What does your typical schedule consist of?
When I’m travelling, it’s pretty full-on. I’m shooting, shooting, shooting all day. Then in the evenings, I copy all the photos off the cameras, rename them, edit a few, recharge batteries. When I’m back home in France, I’ll be scanning and editing photos, spend days in the darkroom printing black and white shots, doing paperwork, answering emails. That takes a lot of time. I usually work ten to twelve hour days and have the weekends off.

Matt clambering to new heights (left) to capture Alvaro Vogel at a different angle (right). Photos: Ed Blomfield/Matt Georges
Matt clambering to new heights (left) to capture Alvaro Vogel at a different angle (right). Photos: Ed Blomfield/Matt Georges

What are your plans for the future?
I definitely don’t want to be the 50-year-old guy who’s still shooting kids hitting snowboard jumps. I might look more at the lifestyle side of photography but still keep one toe in the snowboard side. Right now, I’m really into making photo books and working with agencies on a few creative projects, so that might also be a good way to go.

What advice would you give to someone who wants to be a snowboard photographer?
Make sure you love snowboarding and know what you’re talking about. You have to be passionate and know the tricks, the grabs, everything – otherwise you’ll end up with some pretty weird photos. It’s important to show the trick and where he’s going to land. It’s good to shoot crazy angles, but don’t forgetting that people are risking their lives here, so you don’t want to fuck it up!

Any tips for someone looking to break into industry?
Show your work to people.
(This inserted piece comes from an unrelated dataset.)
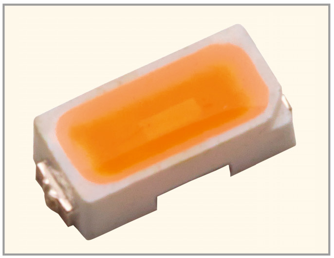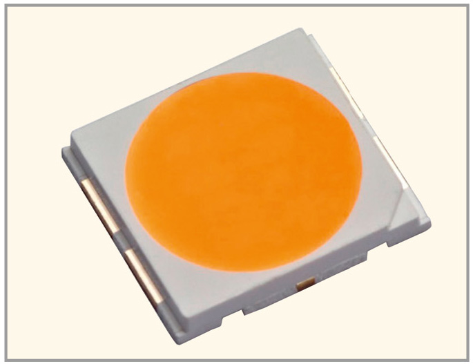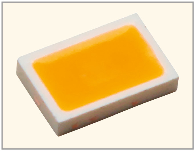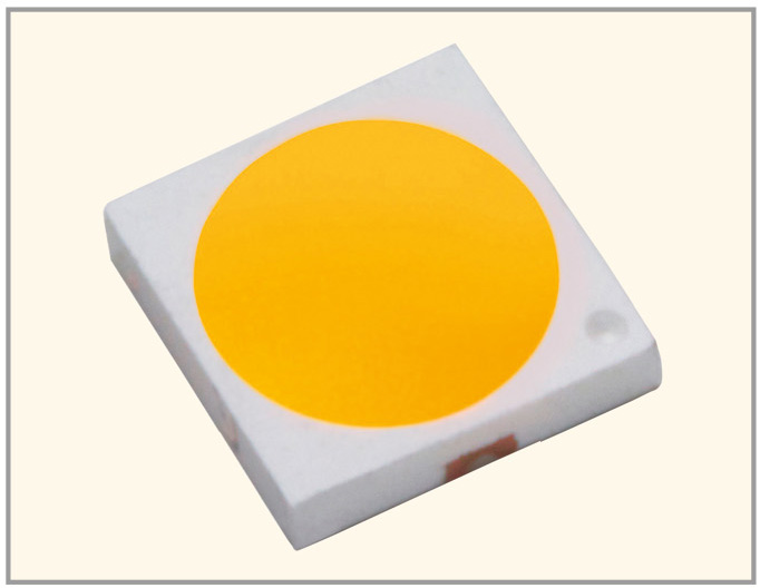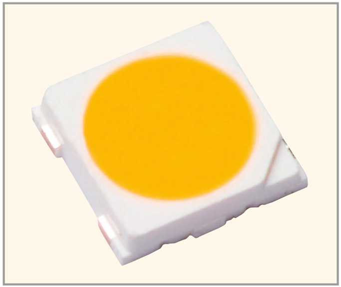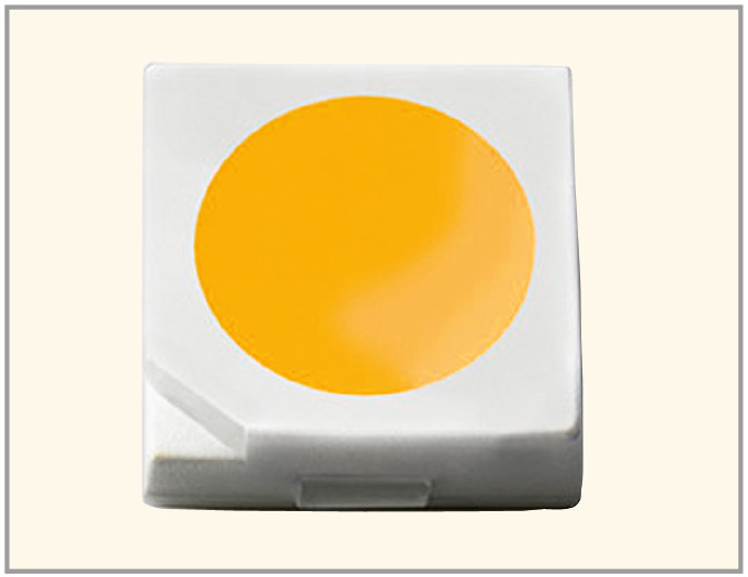 Этот светодиод выпускается в стандартном корпусе размером 3,5 × 3,5 мм, который по топологии полностью соответствует аналогам других производителей. Данные светодиоды перекрывают диапазон цветовой температуры от 2700 до 6500 K, то есть имеют все оттенки белого света – тёплый, естественный и холодный. Номинальный ток для них составляет 100 мА, типичное значение напряжения при данном токе – 3,1 В. Угол кривой светораспределения равен 115°, тепловое сопротивление – 20°C/Вт.

Knock on doors and keeping knocking because it takes time to get noticed. Be patient. Keep pushing yourself and try to find your own style. Shoot, shoot, shoot and don’t give up! There’s so many people who think you just go on holiday. You have to work hard, there’s no secret to it. You’re never going to get crazy rich as a snowboard photographer, but I really love my job.